> _Directions_
Below are records; extract exactly the lines from the one with "Tänään iltapäivällä näkyi" through the final line, including both, but drop the pictures.

> _Supplied data_
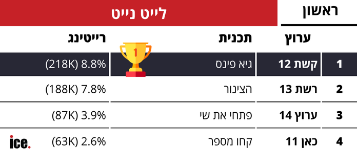 ברצועת הלייט נייט גיא פינס וקשת 12 ניצבים במקום הראשון עם 8.8% ו-218 אלף צופים, כש"הצינור" של רשת 13 עם 7.8% ו-188 אלף צופים במקום ה-2. אחריהם "פתחי את שי" (3.9%, 87 אלף) במקום ה-3, ו"קחו מספר" של כאן 11 (2.6%, 63 אלף) במקום הרביעי.
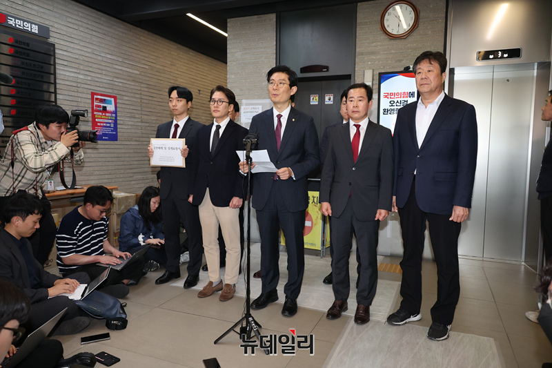 조정훈 국민의힘 의원이 31일 오전 서울 여의도 국민의힘 중앙당사에서 공천헌금 의혹 등 신상 관련 기자회견을 하고 있다.
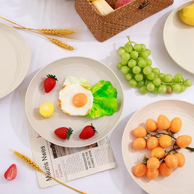 supernal 16pcs Lightweight Wheat Straw Plates,Unbreakable Plastic Dishes,Microwave Dishwasher Safe Party Plastic Dish,Beige Reusable Dinner Plates, Wheat Straw Dinnerware for Picnic,Birthday,Camping
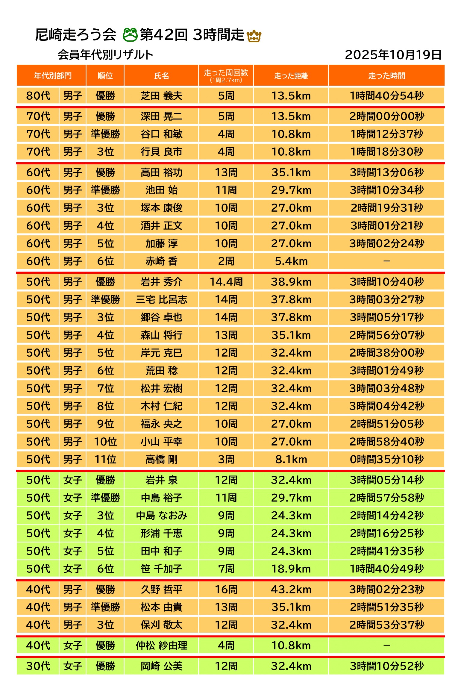 3時間走には高齢のレジェンドランナーも多く出走されます。
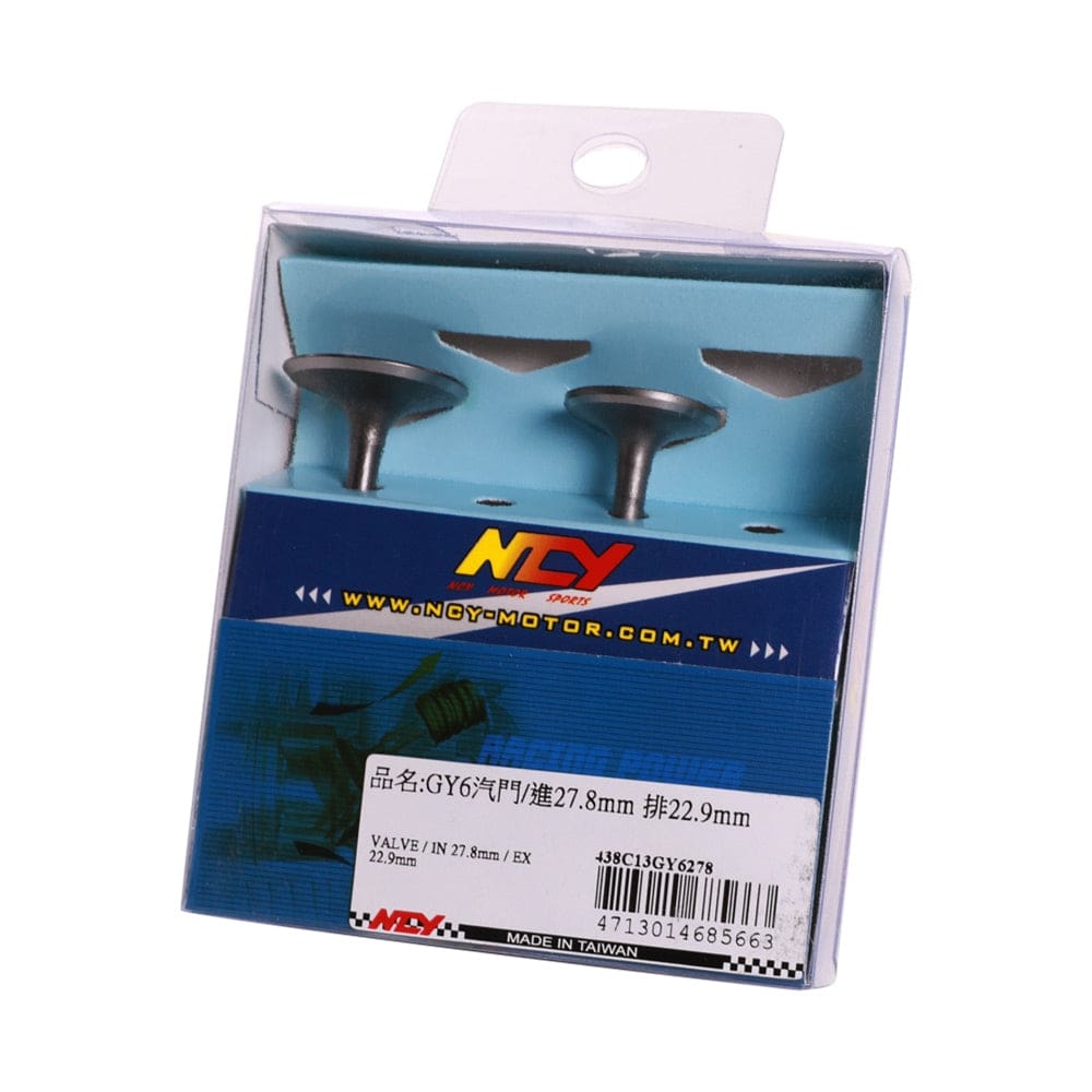 DESCRIPTION: High performance racing valves from NCY. These are a must for any serious tuner. With stainless construction and level seats, these scream quality and performance right out of the box. IN: Stem ø= 5.0mm Height = 65.75mm Valve ø= 28.0mm EX: Stem ø= 5.0mm Height = 65.3mm Valve ø= 23.0mmNot legal for use in California on pollution controlled vehicles. Check local laws before installing. This product is not intended for use on public roads or land.
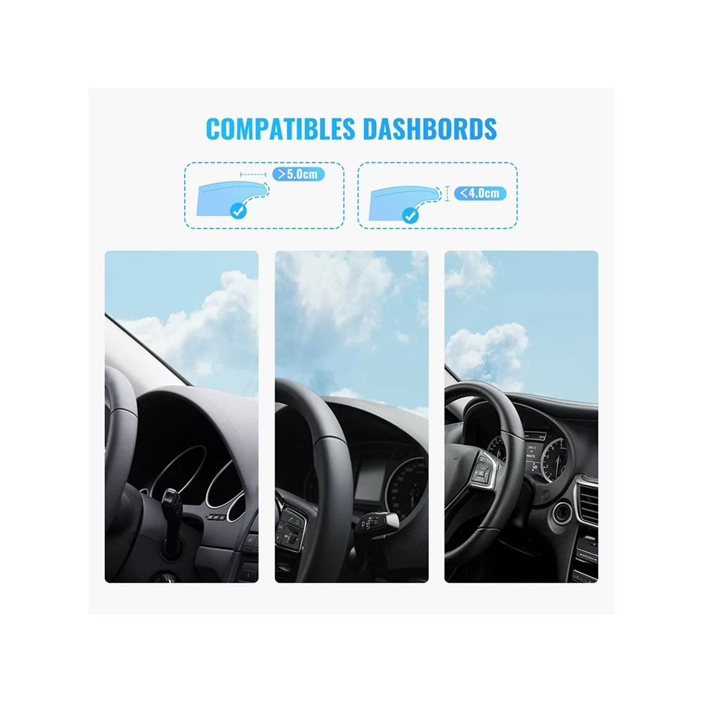 * Dashboard HUD Design–With Head-Up Display design, the dash clip mount keeps your phone right above the steering wheel and convenient to use as a hands-free GPS navigation.
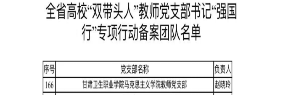 近期,甘肃省委教育工委发布公告,马克思主义学院教师党支部入选甘肃省高校“双带头人”教师党支部书记“强国行”专项行动团队。
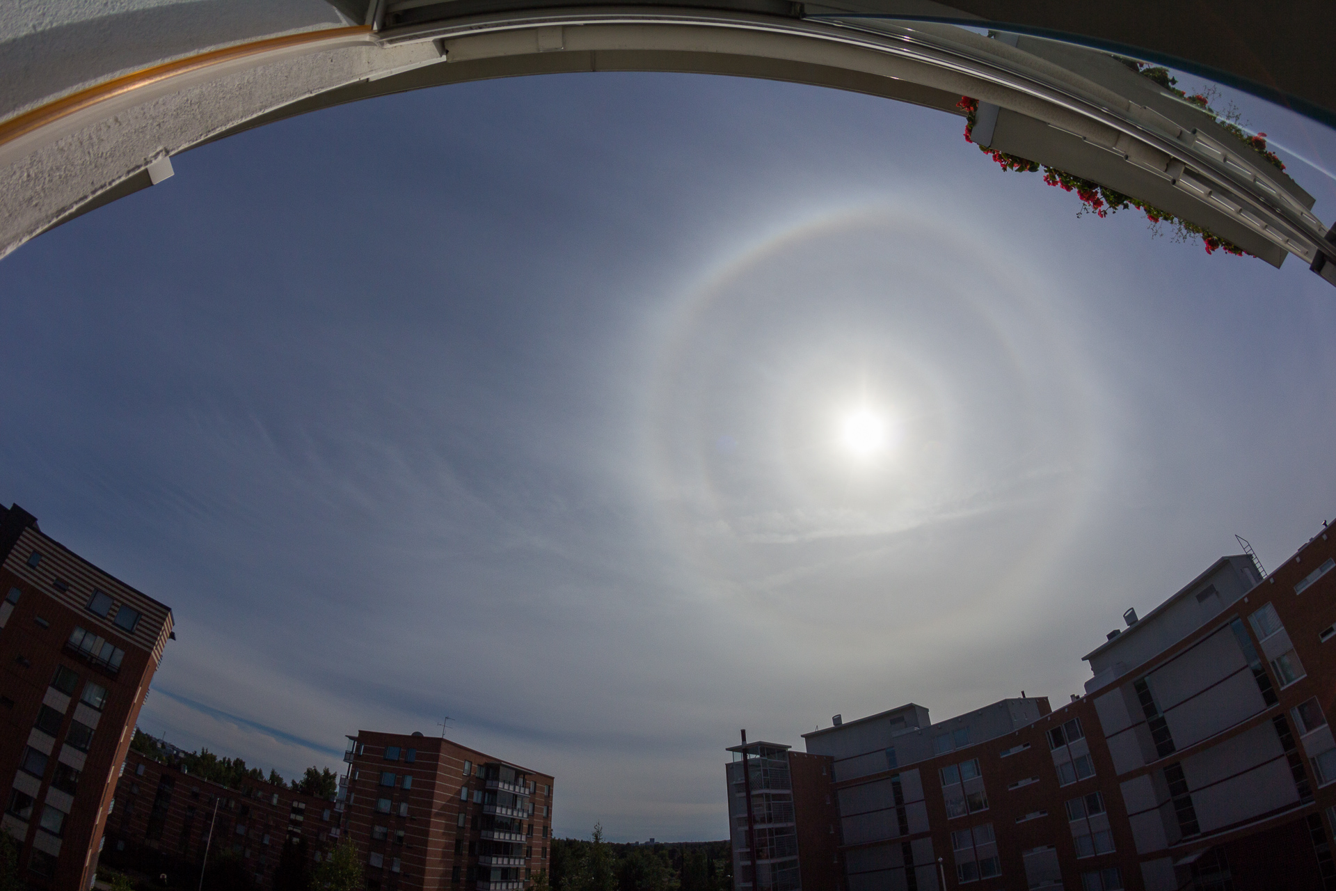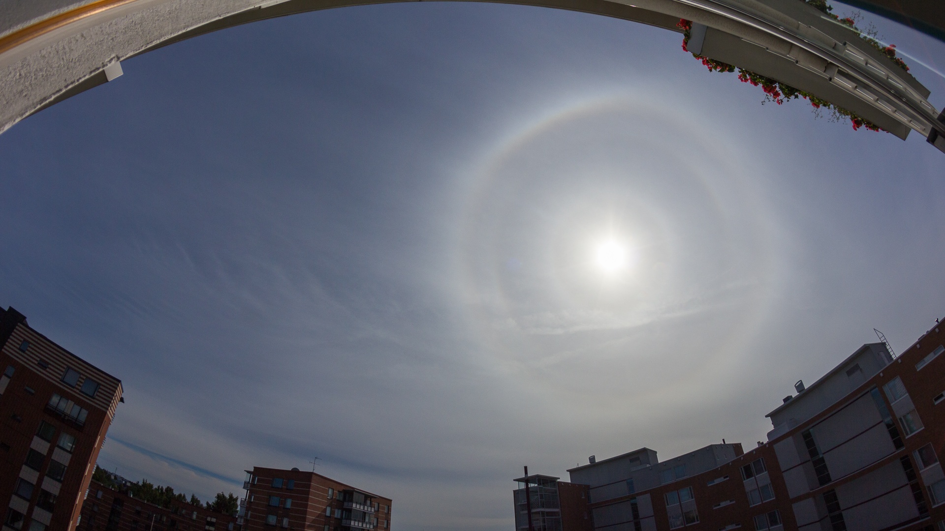 Tänään iltapäivällä näkyi ainakin pääkaupunkiseudun taivaalla harvinaisen hienoja pyramidihaloja, eli omalaatuisilta ympyräsateenkaarilta näyttäviä ilmiöitä, joilla ei kuitenkaan ole sateenkaarten kanssa juurikaan mitään tekemistä.
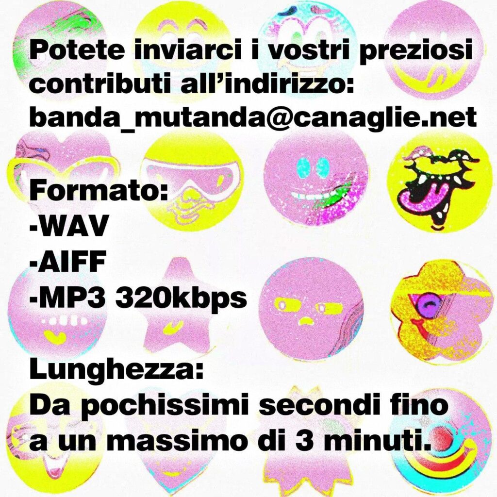 Potete inviare i contributi audio (WAV o MP3 qualità minimo 320k, da piccoli skits a un massimo di 3minuti) a banda_mutanda(at)canaglie.net
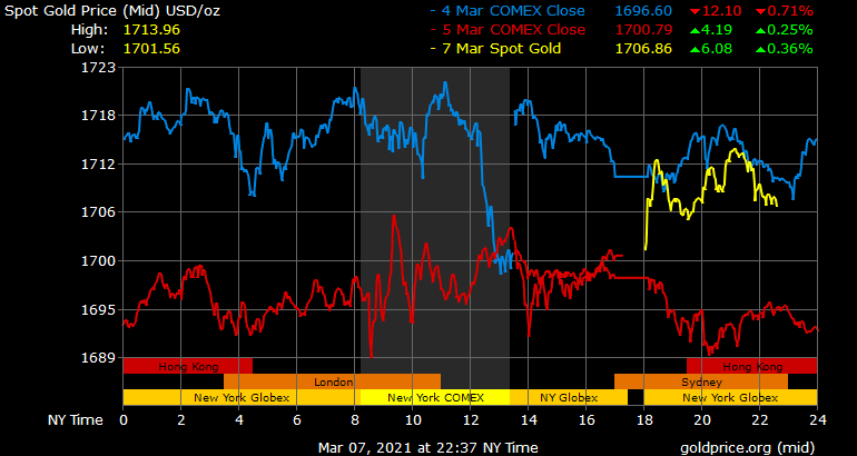 Giá vàng tương lai giao tháng 4 trên sàn Comex New York tăng 6,2 USD lên 1.704,2 USD/ounce.

> _Answer to this task_
 Tänään iltapäivällä näkyi ainakin pääkaupunkiseudun taivaalla harvinaisen hienoja pyramidihaloja, eli omalaatuisilta ympyräsateenkaarilta näyttäviä ilmiöitä, joilla ei kuitenkaan ole sateenkaarten kanssa juurikaan mitään tekemistä.
 Potete inviare i contributi audio (WAV o MP3 qualità minimo 320k, da piccoli skits a un massimo di 3minuti) a banda_mutanda(at)canaglie.net
 Giá vàng tương lai giao tháng 4 trên sàn Comex New York tăng 6,2 USD lên 1.704,2 USD/ounce.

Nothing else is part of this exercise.